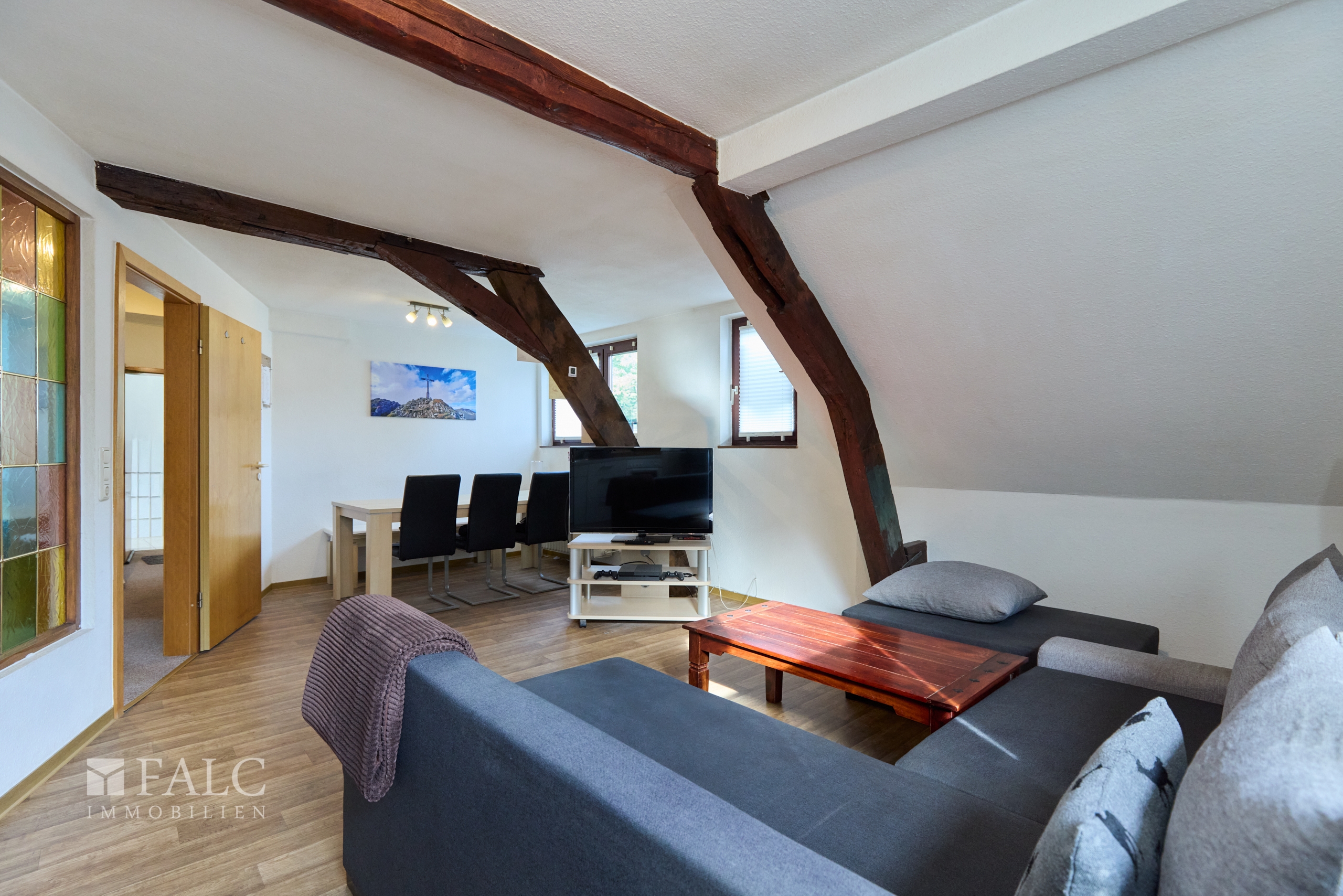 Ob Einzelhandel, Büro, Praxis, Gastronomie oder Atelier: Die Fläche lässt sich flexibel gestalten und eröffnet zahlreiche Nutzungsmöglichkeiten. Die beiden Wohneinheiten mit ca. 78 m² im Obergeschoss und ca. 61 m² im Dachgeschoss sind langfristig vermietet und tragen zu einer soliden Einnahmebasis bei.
---
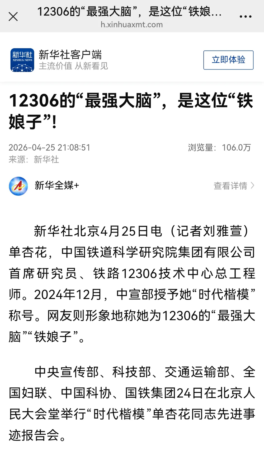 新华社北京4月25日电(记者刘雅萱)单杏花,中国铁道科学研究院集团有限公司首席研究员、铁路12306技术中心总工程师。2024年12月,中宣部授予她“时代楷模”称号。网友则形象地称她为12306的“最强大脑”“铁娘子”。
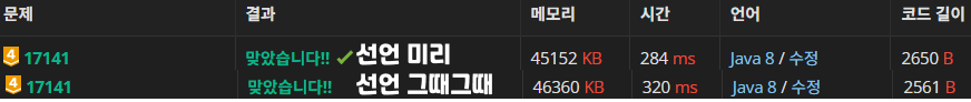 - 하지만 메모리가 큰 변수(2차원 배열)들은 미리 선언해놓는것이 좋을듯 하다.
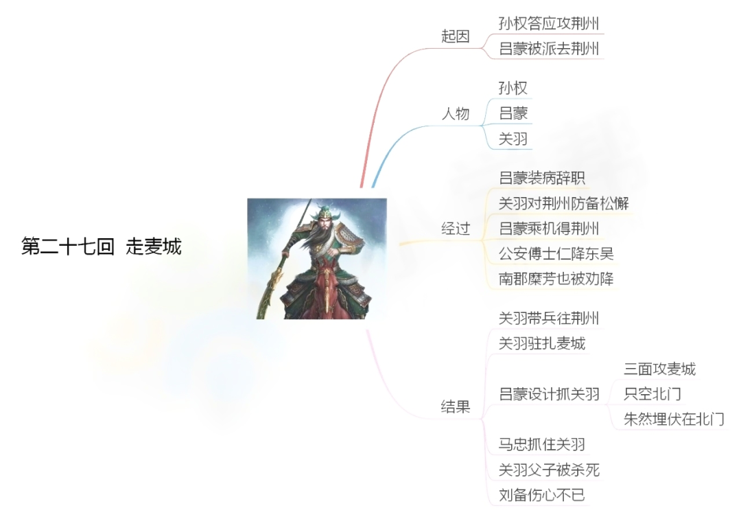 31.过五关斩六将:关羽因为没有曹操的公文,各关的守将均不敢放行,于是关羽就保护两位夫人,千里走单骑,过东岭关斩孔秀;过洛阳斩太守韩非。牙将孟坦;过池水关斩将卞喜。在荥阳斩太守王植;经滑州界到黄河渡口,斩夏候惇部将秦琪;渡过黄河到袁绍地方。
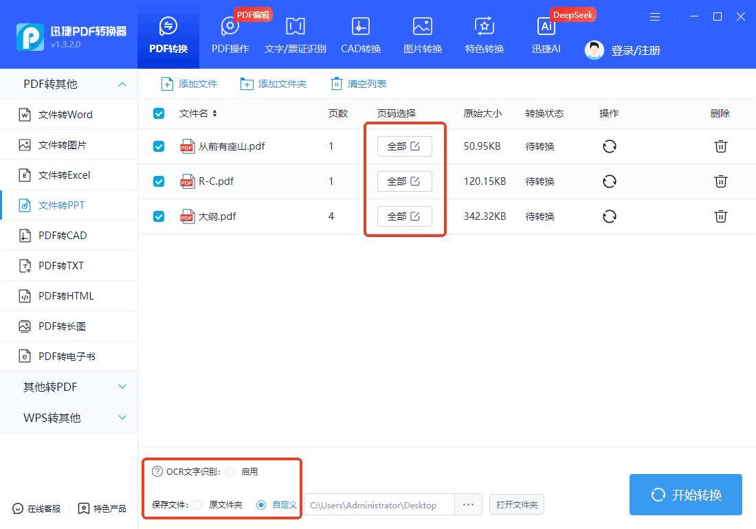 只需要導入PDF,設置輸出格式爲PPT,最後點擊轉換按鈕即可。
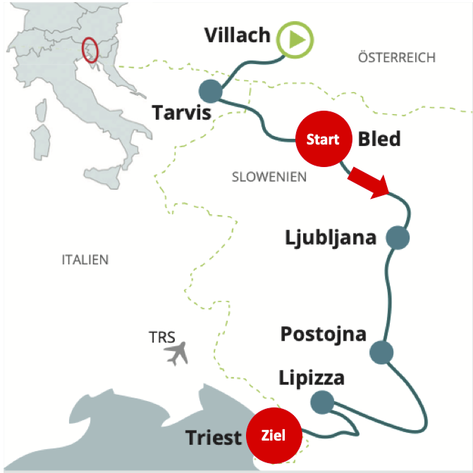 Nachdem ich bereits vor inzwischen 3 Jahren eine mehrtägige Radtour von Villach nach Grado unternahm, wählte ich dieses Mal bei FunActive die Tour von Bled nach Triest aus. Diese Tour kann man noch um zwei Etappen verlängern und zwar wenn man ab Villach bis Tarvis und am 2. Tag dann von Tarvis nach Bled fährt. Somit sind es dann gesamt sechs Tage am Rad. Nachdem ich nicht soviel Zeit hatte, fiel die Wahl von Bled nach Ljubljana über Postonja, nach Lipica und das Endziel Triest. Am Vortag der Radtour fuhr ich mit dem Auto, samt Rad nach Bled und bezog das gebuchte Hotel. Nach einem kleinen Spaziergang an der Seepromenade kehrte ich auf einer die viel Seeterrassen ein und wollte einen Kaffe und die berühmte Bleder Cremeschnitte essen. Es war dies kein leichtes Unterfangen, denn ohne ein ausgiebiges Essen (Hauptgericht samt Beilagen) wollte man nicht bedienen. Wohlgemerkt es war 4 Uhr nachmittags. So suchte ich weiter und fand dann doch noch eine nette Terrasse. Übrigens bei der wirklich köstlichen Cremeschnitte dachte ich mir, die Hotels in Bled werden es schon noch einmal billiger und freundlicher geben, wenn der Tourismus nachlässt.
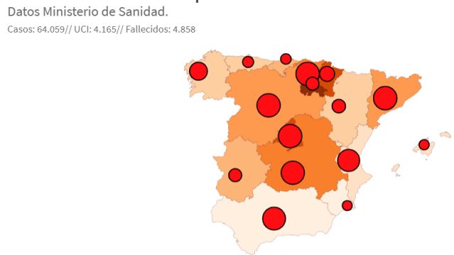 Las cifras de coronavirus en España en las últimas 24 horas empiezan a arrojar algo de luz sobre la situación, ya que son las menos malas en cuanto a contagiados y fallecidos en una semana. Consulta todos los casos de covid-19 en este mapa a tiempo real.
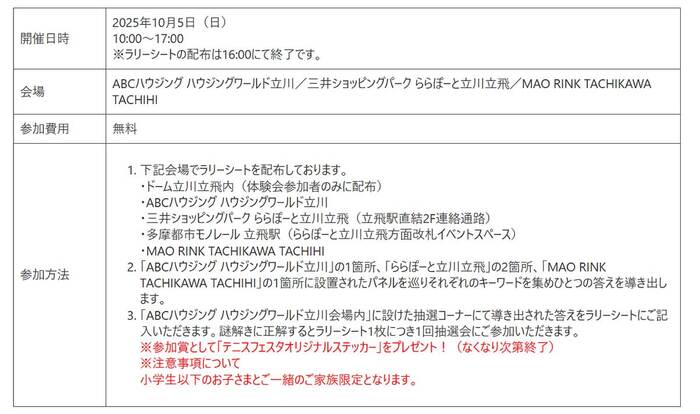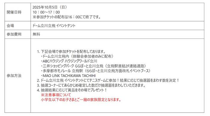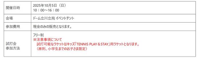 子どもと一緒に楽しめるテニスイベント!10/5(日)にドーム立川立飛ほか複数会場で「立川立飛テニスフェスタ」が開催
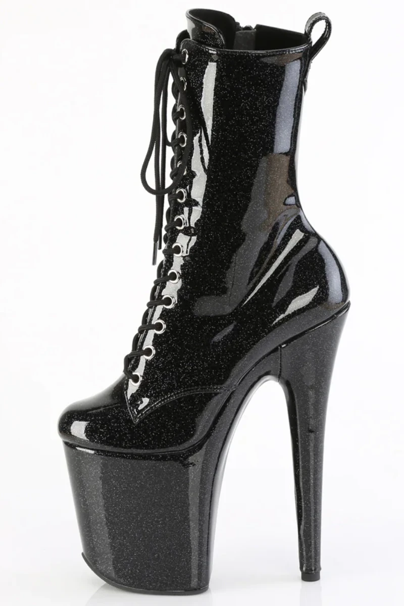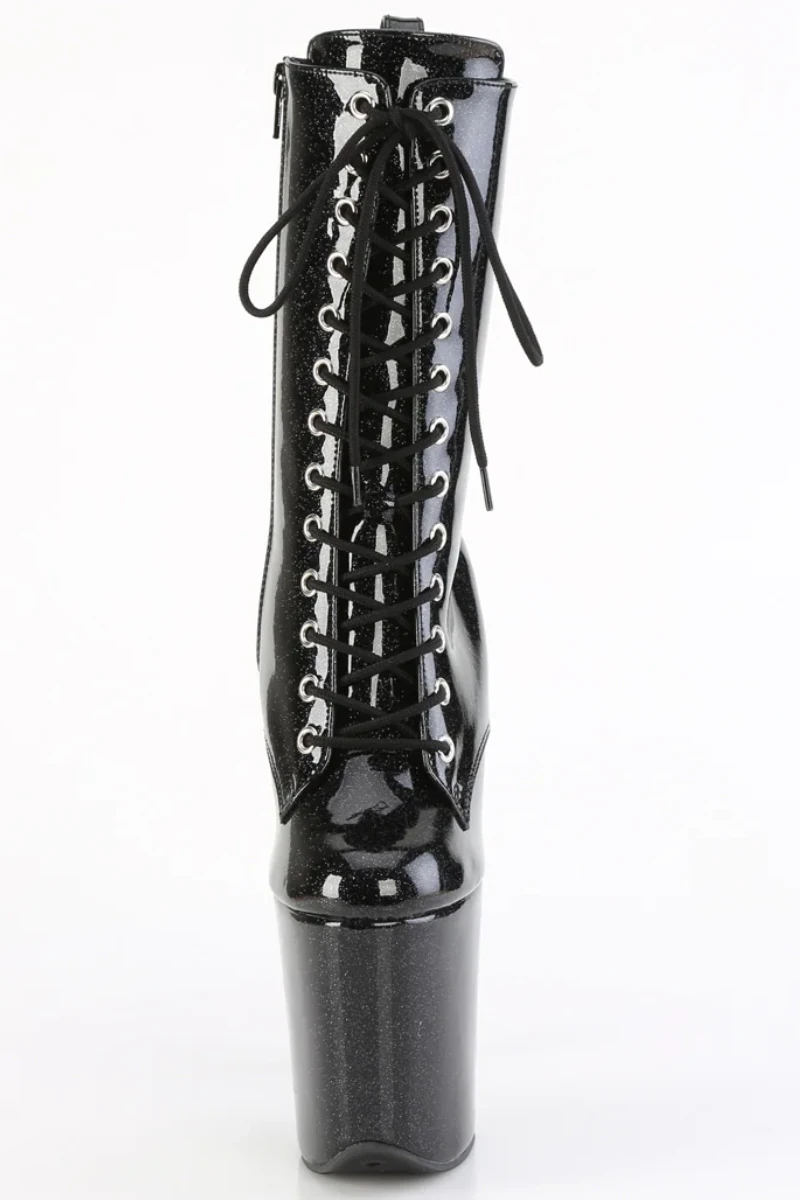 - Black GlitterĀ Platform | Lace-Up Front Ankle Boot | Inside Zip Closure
--
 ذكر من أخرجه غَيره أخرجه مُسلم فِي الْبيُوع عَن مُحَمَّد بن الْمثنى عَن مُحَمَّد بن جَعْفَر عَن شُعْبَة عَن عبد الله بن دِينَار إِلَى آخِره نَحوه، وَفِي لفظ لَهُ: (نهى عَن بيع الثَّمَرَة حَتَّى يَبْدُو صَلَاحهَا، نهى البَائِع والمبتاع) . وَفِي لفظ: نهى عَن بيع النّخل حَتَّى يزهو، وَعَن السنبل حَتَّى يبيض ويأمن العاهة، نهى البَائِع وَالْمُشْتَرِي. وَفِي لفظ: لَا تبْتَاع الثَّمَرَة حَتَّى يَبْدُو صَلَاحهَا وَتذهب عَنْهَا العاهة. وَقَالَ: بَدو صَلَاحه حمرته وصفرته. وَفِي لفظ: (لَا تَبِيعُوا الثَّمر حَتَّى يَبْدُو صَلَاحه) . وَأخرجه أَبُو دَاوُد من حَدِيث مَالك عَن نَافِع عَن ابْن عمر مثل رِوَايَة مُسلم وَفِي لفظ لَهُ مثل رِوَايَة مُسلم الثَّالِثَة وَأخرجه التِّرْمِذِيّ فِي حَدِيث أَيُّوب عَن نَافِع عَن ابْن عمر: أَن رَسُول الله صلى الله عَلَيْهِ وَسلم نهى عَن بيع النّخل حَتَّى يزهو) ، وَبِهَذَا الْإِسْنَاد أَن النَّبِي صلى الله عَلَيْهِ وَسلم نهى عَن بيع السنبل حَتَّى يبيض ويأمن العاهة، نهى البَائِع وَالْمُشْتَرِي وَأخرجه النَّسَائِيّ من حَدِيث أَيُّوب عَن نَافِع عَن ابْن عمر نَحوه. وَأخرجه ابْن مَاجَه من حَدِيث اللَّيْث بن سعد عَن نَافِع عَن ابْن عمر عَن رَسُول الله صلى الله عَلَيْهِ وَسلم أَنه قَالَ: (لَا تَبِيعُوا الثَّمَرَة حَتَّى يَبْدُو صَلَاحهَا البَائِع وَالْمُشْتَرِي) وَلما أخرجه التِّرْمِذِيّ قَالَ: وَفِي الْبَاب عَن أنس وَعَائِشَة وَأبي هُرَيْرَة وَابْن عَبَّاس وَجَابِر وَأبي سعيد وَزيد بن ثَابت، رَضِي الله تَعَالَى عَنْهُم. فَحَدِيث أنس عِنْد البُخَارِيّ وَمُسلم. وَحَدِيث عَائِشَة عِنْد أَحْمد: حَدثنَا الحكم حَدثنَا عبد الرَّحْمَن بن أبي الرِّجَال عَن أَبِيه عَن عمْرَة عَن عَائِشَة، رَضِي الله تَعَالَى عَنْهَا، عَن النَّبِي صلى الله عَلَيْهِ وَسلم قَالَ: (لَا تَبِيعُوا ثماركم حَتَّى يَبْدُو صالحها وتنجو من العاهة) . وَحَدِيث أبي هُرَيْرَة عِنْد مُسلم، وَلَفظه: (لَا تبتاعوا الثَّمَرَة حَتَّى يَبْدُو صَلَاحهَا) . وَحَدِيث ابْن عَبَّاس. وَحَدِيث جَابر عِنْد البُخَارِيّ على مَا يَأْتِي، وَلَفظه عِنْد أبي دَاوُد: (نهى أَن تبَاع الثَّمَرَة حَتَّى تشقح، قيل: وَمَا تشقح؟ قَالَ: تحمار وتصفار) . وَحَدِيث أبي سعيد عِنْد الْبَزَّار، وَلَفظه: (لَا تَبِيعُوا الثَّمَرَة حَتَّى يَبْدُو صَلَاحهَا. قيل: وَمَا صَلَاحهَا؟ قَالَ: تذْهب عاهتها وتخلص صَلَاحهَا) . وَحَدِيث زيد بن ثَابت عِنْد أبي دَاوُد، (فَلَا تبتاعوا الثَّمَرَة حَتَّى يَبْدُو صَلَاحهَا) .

*What you have to do*.
Once the line with "Las cifras de" is found above, transcribe each line from it through the line with "- Black GlitterĀ", exactly, and omit the pictures.

*Result of the task*.
 Las cifras de coronavirus en España en las últimas 24 horas empiezan a arrojar algo de luz sobre la situación, ya que son las menos malas en cuanto a contagiados y fallecidos en una semana. Consulta todos los casos de covid-19 en este mapa a tiempo real.
 子どもと一緒に楽しめるテニスイベント!10/5(日)にドーム立川立飛ほか複数会場で「立川立飛テニスフェスタ」が開催
 - Black GlitterĀ Platform | Lace-Up Front Ankle Boot | Inside Zip Closure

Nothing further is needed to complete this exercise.